— What to do —
Below are records; extract exactly the lines from the one containing "PainOnSocial helps you" through the last, both included, and keep the pictures out.

— Stored data —
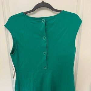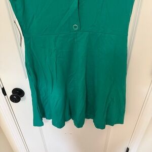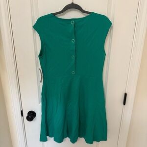 Stylish green mini dress with button-back detail. Perfect for any occasion.
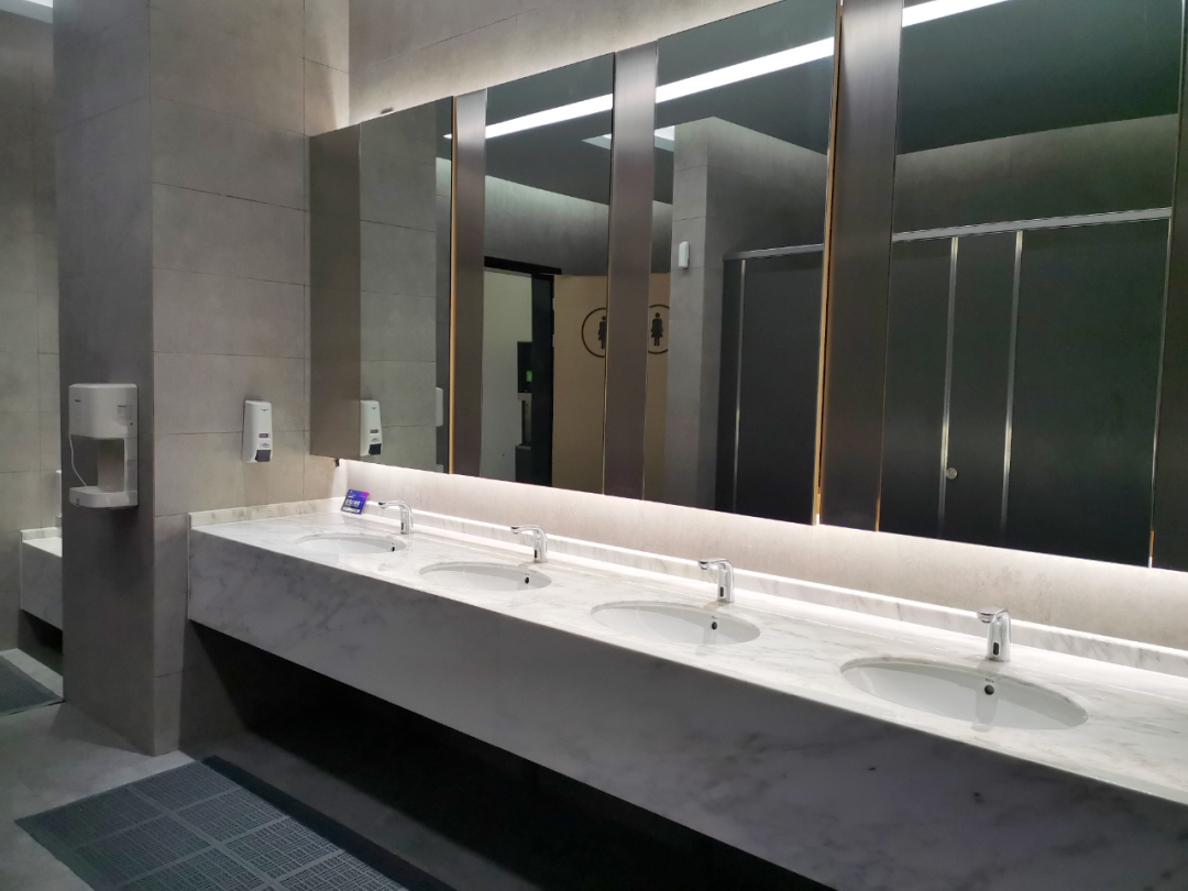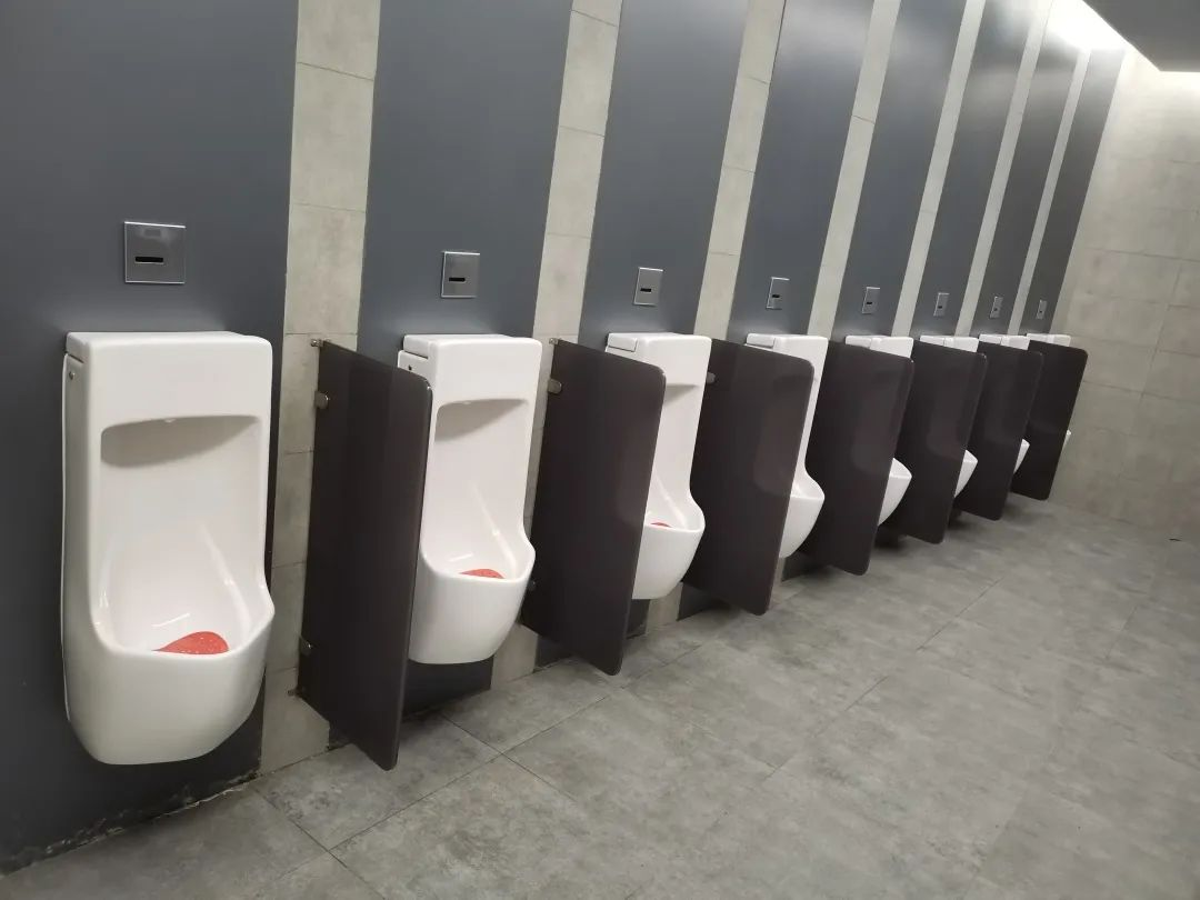 男卫生间使用了Roca的赛特挂墙式小便器与启克挂墙式小便器,搭配盛克R入墙式小便感应器,以零触解决方案防止病毒和细菌传播,联合为使用者创造舒适贴心的使用体验。
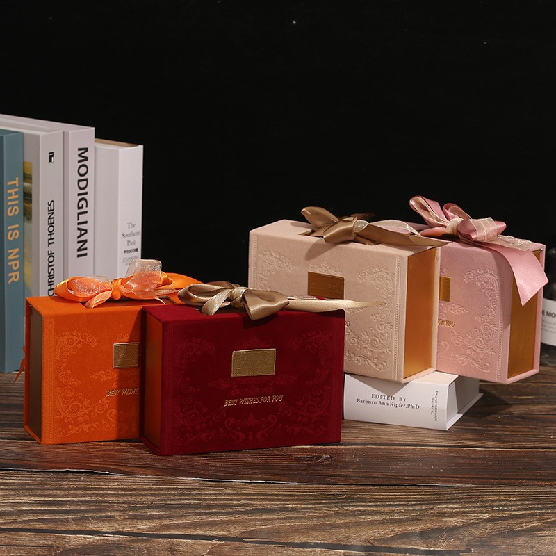 Retro Light Luxury Large Bowknot Gift Box Retro Candy Box Portable Box Velvet Accompanying Gift Box
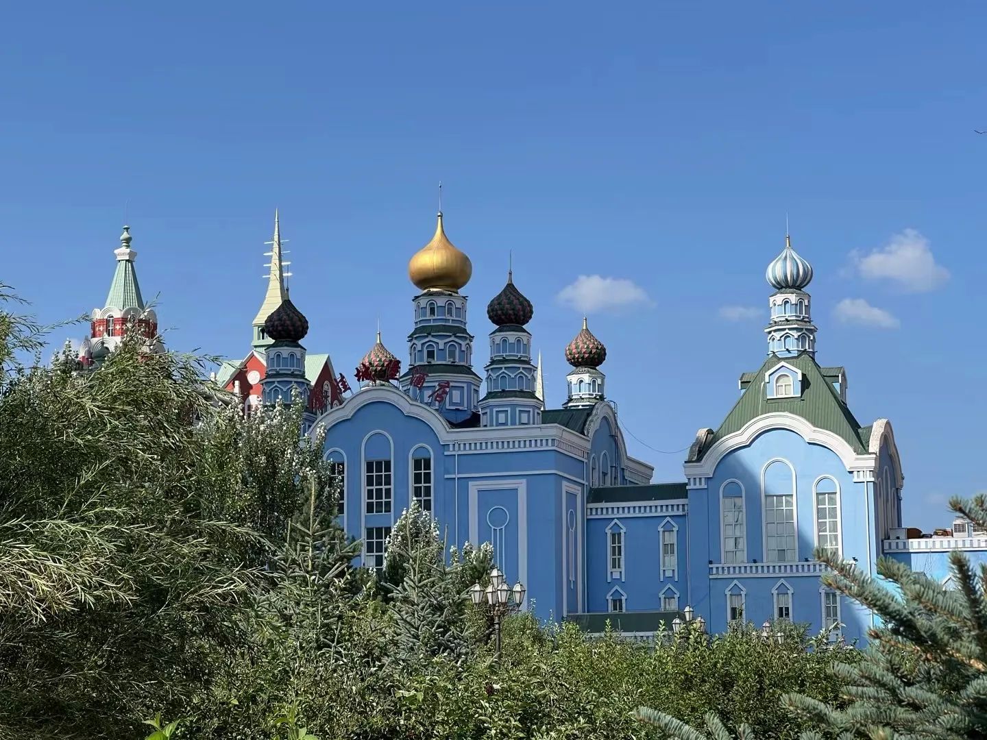 走进满洲里,首先映入眼帘的是那具有浓郁俄罗斯风格的建筑。洋葱头状的圆顶,色彩斑斓,在蓝天的映衬下格外醒目。蓝白相间的外墙,搭配金色的穹顶,仿佛童话中的城堡,让人仿佛置身于异国他乡。
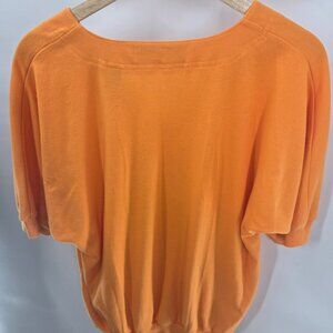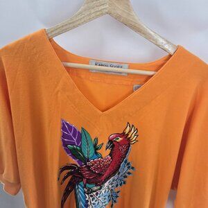 Vintage Karen Scott Orange Upcycled Lorikeet Parrot Applique Short Sleeved Top L
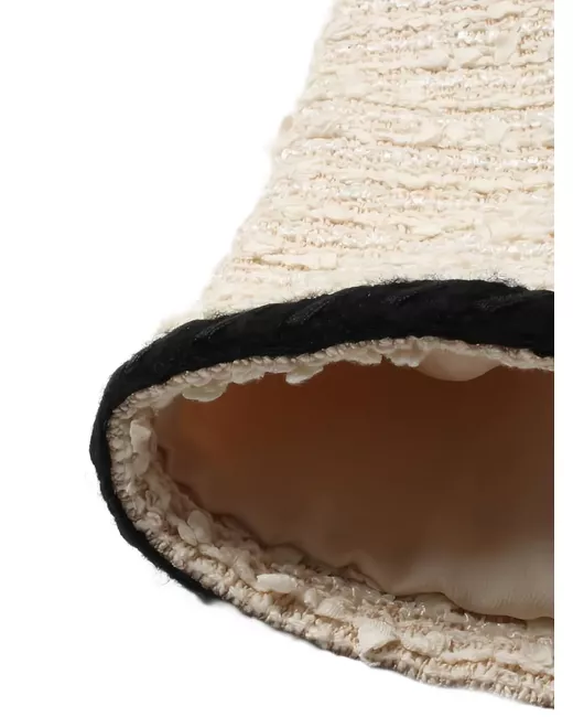 circa 2010s light beige tweed interlocking G buttons short sleeves black trim V-neck
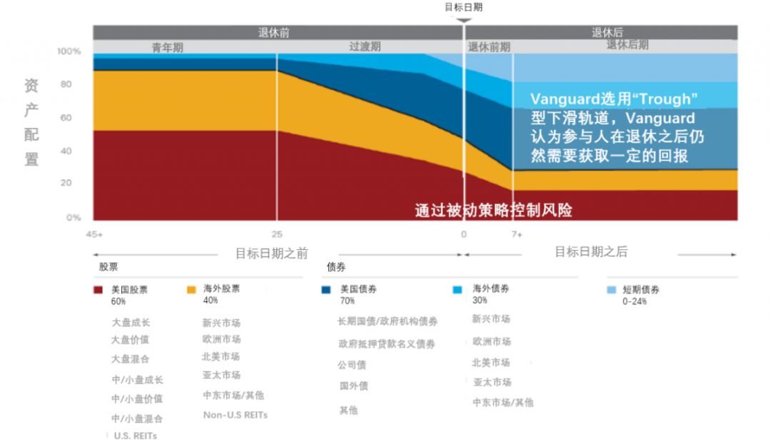 ●在退休前5年开始,加入通胀保护债券,主要为了降低通胀风险。
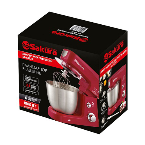 Миксер эл. с чашей SAKURA SA-6327BK планетарный 1000Вт,6 скоростей, чаша 3,5л
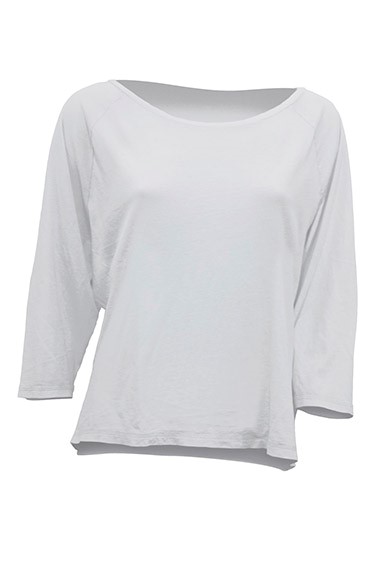 • Damska bluzka pod nadruk ma lekko rozszerzane rękawy (reglanowe) i szeroki, okrągły dekolt.
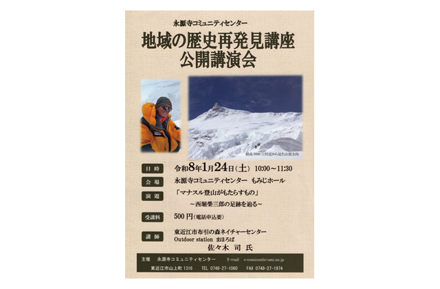 【東近江】 永源寺コミュニティセンターは24日、昨年9月にヒマラヤ山脈のマナスル(標高8163メートル)に登頂した東近江市在中の佐々木司さんの講演会「マナスル登山がもたらすもの~西堀榮三郎の足跡を辿る~」を開き、参加者を募集している。
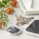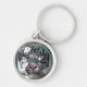 A captivating keychain with a close up head shot of a rare and beautiful white tiger.
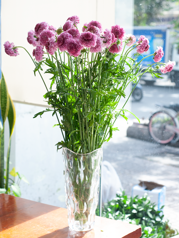 Vẻ đẹp rất "thơ": Scabiosa có thân mảnh, cong tự nhiên nên khi cắm tạo độ chuyển động rất tốt, giúp bình hoa trông mềm mại, không bị cứng.
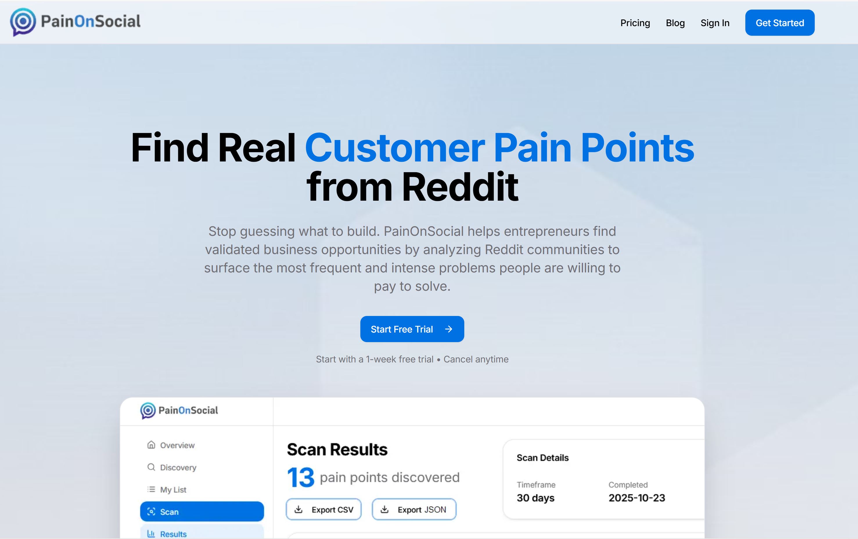 PainOnSocial helps you quickly discover what customers are struggling with by scanning Reddit and other social platforms, then turning real complaints and questions into clear opportunities.
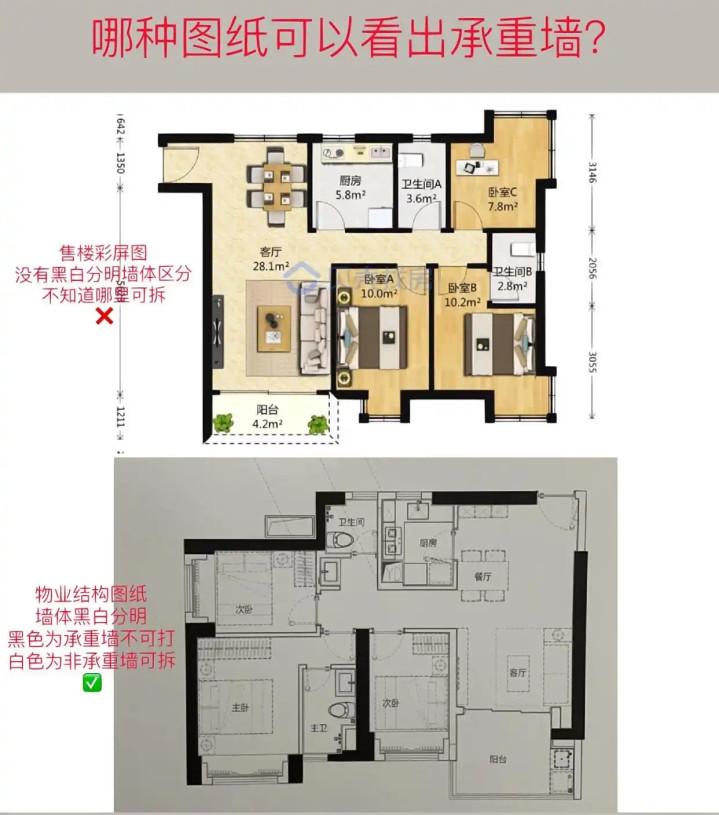 买毛坯房,很多人心里都会盘算着去改造:打通这面墙做开放式厨房,那面墙开个窗采光……但有一条前提是:承重墙让你改吗?
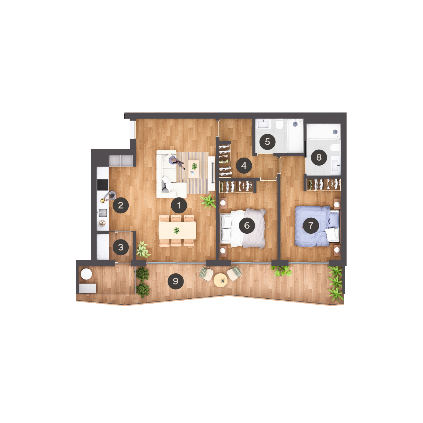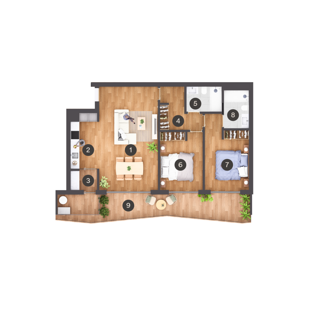 T2 | 1 Sala | 2 Cozinha | 3 T. Roupa | 4 Circulação | 5 IS | 6 Quarto | 7 Suite | 8 IS Suite | 9 Varanda e Estendal
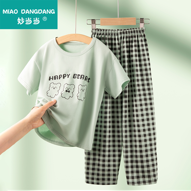 妙当当儿童睡衣男童夏季纯棉女童中大童家居服短袖套装夏天空调服
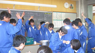 2クラスです。かつのオマケを持っていくと、15~6人出てきてくれました。

— Output below —
 PainOnSocial helps you quickly discover what customers are struggling with by scanning Reddit and other social platforms, then turning real complaints and questions into clear opportunities.
 买毛坯房,很多人心里都会盘算着去改造:打通这面墙做开放式厨房,那面墙开个窗采光……但有一条前提是:承重墙让你改吗?
 T2 | 1 Sala | 2 Cozinha | 3 T. Roupa | 4 Circulação | 5 IS | 6 Quarto | 7 Suite | 8 IS Suite | 9 Varanda e Estendal
 妙当当儿童睡衣男童夏季纯棉女童中大童家居服短袖套装夏天空调服
 2クラスです。かつのオマケを持っていくと、15~6人出てきてくれました。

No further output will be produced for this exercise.